Evidence for mTOR pathway activation in the A+C-resistant mouse LUADs

To elucidate further the pathways that may account for resistance to A+C, we sequenced the EGFR transgene and Erbb2 from 23 resistant tumors. Similar to our observations in xenografts, we did not find mutations in these genes or in Pik3ca, Pik3cb and Kras (n=15, data not shown). A+C-resistant mouse LUADs did not show copy number alterations in the EGFR transgene or in endogenous Egfr, Erbb2, Met and Igf1r (Figure S2C).

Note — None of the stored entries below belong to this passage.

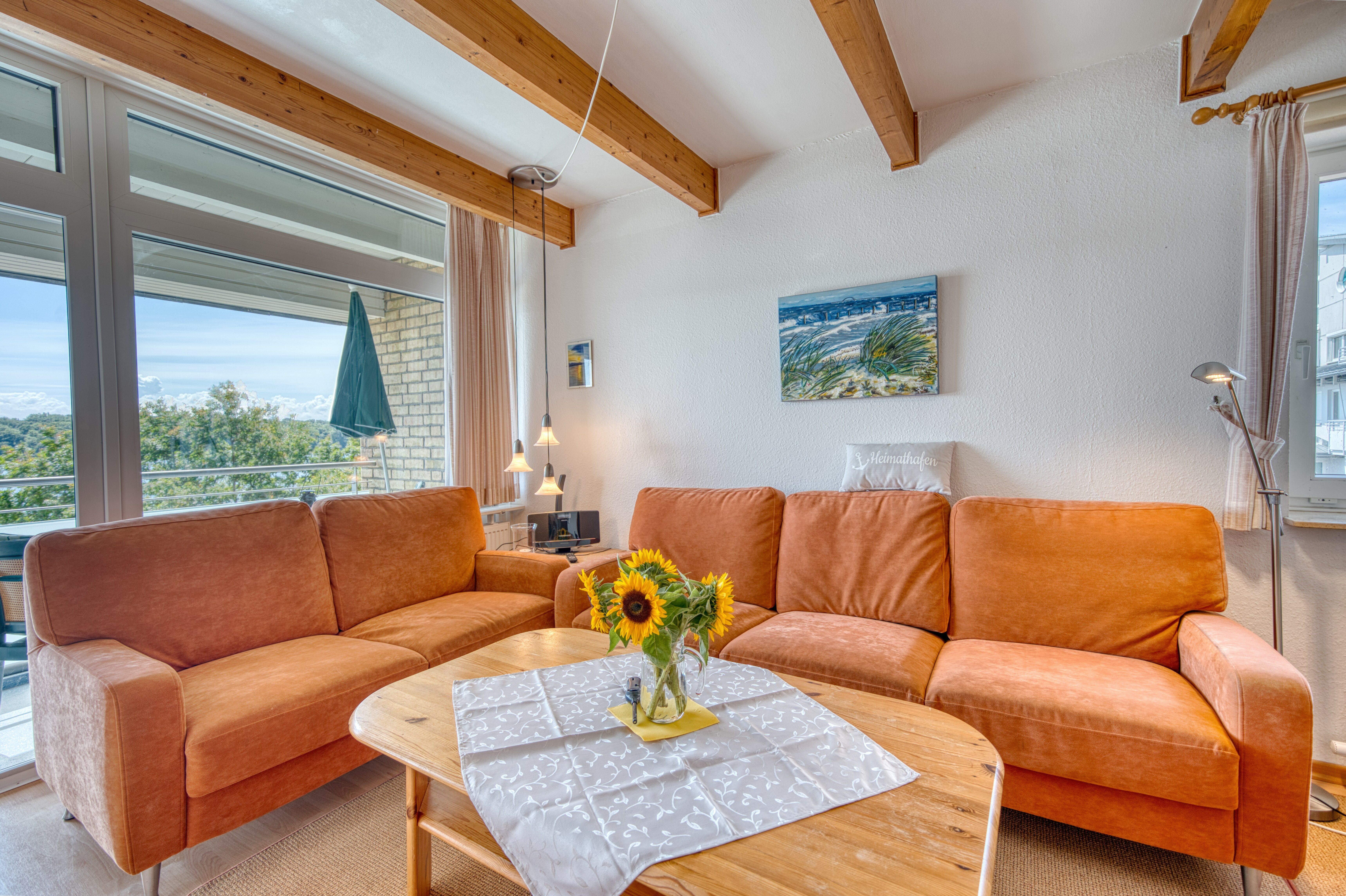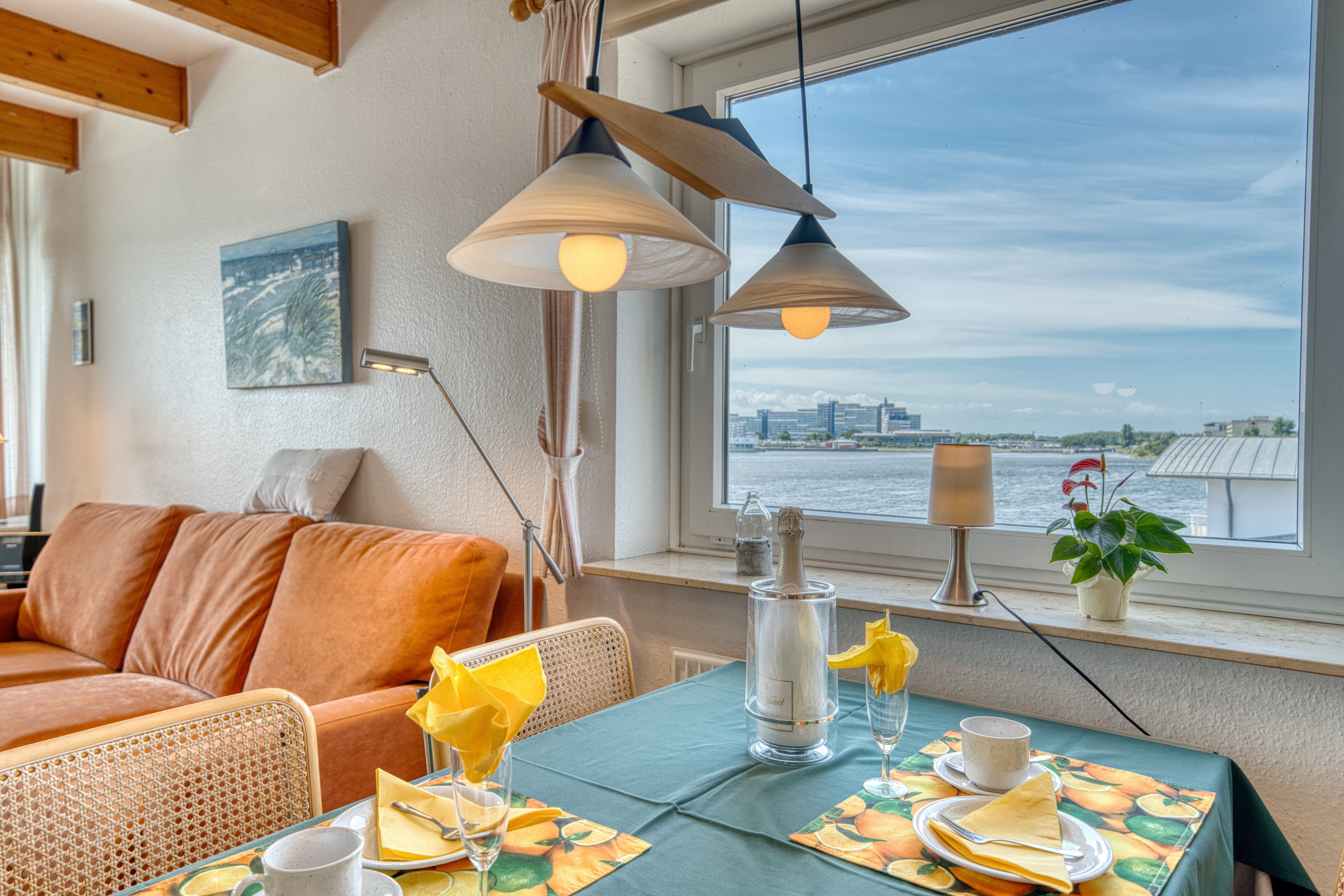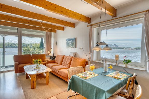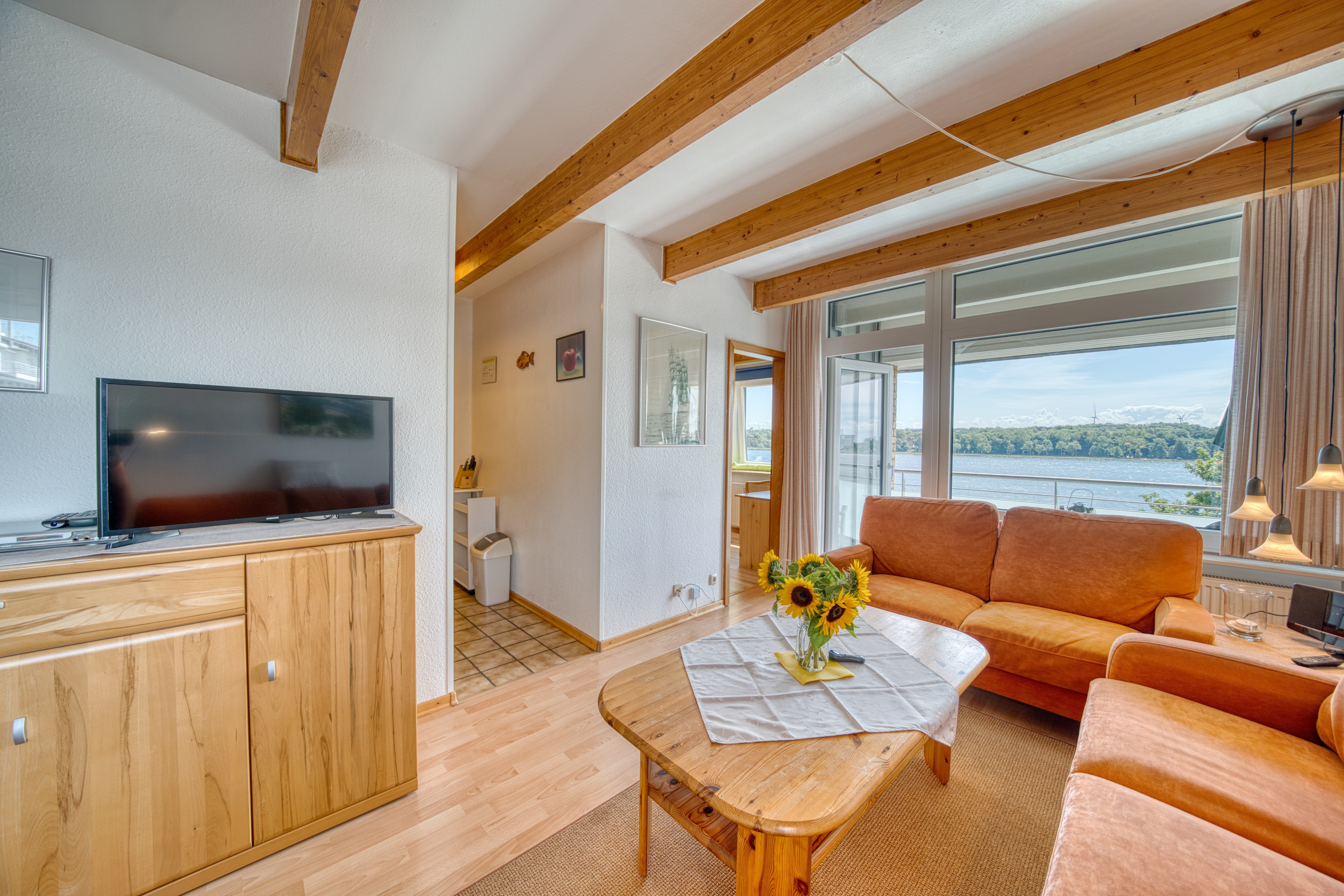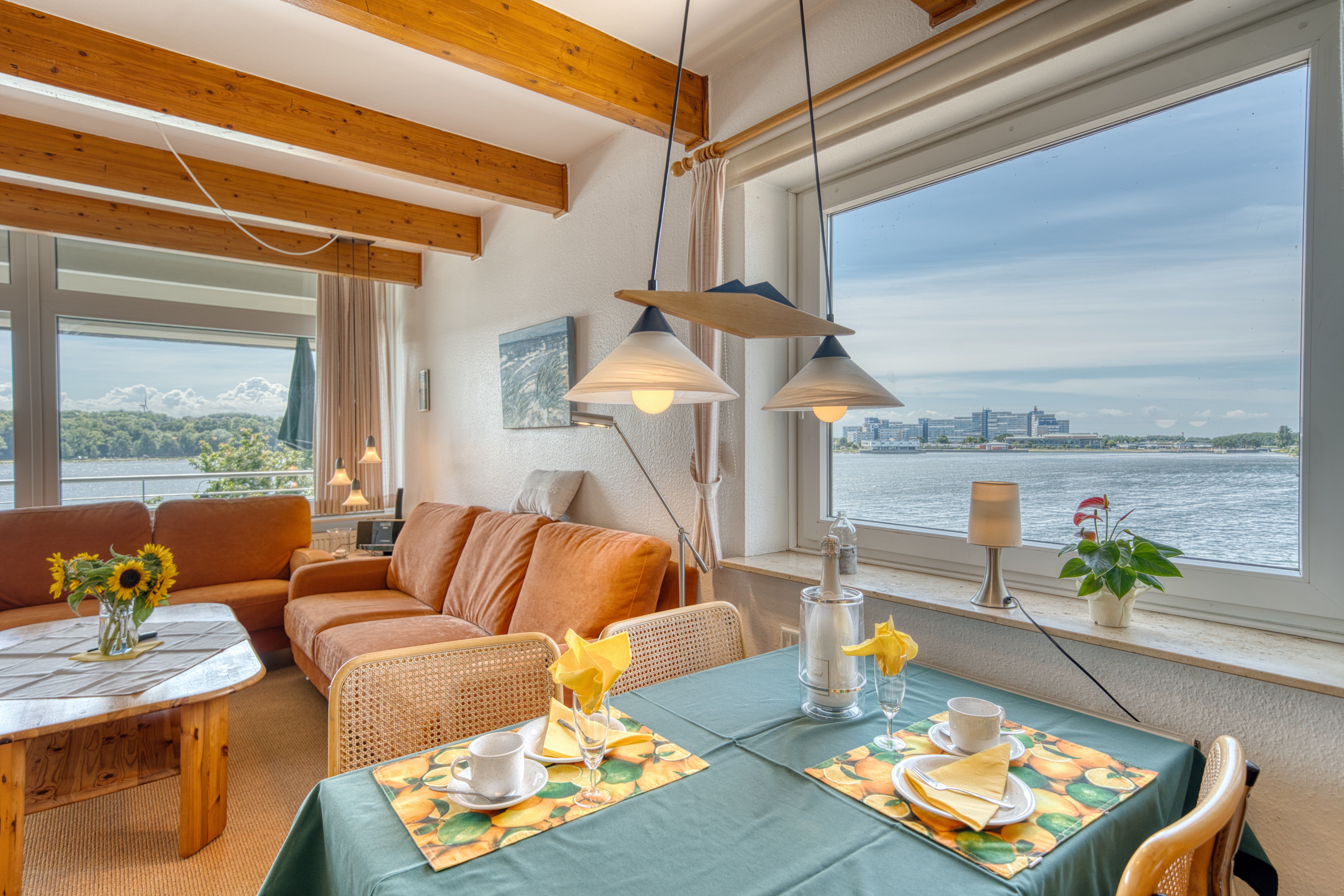 Wohnzimmer mit Seeblick und gemütlicher Ausstattung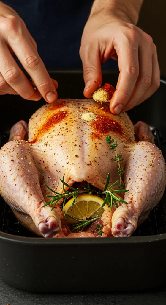 Before roasting, let your chicken rest at room temperature for 30 minutes—this helps it cook evenly. Then, pat it dry with paper towels. Dry skin = crispy skin.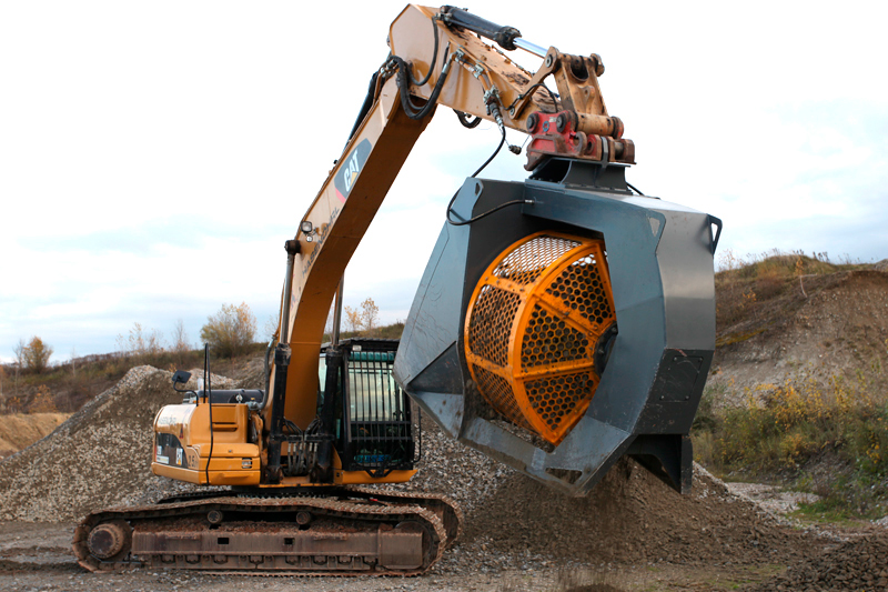 Оборудование устанавливается на экскаваторы и погрузчики, что позволяет выполнять сортировку непосредственно на месте работ без дополнительной техники.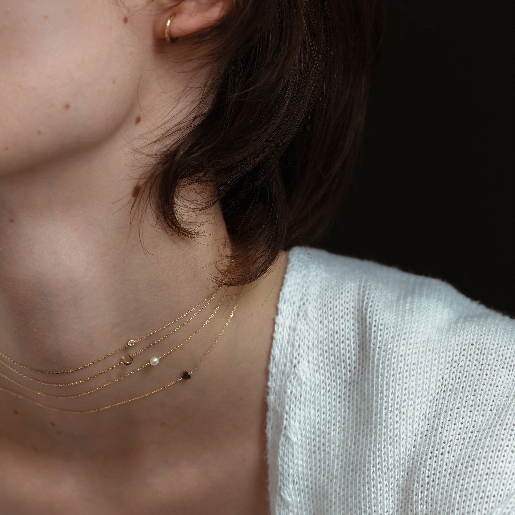 ネックレス上から¥27,500<K10YG/ダイヤモンド>※2026年1月12日までの期間限定プライス¥38,500<K18YG/ダイヤモンド0.03ct>ピアス¥52,800<K10YG>イヤーカフ¥22,000<SV925(イエローゴールドメッキ・ロジウムメッキ)>

We then examined which signaling events might promote AR to A+C. As expected, we found that upon short-term (5 days) A+C treatment, phosphorylation of EGFR and Erbb2 were decreased. As a consequence reduced levels of phosphorylated Erk were observed, however Akt phosphorylation did not change (Figure 2D). Phosphorylation of EGFR was greatly reduced or completely abrogated in all of the resistant tumors, and phosphorylation of Akt was consistently higher than in untreated tumors, suggesting the presence of compensatory mechanisms of activation of the PI3K pathway in these tumors. Similarly, phosphorylation of Erbb2 was not restored to untreated levels in the A+C-resistant tumors. Similar to the xenografts discussed previously, A+C-resistant tumors consistently showed increased pS6, suggesting that increased activation of mTORC1 may play a role in AR to A+C (Figure 2C and 2D).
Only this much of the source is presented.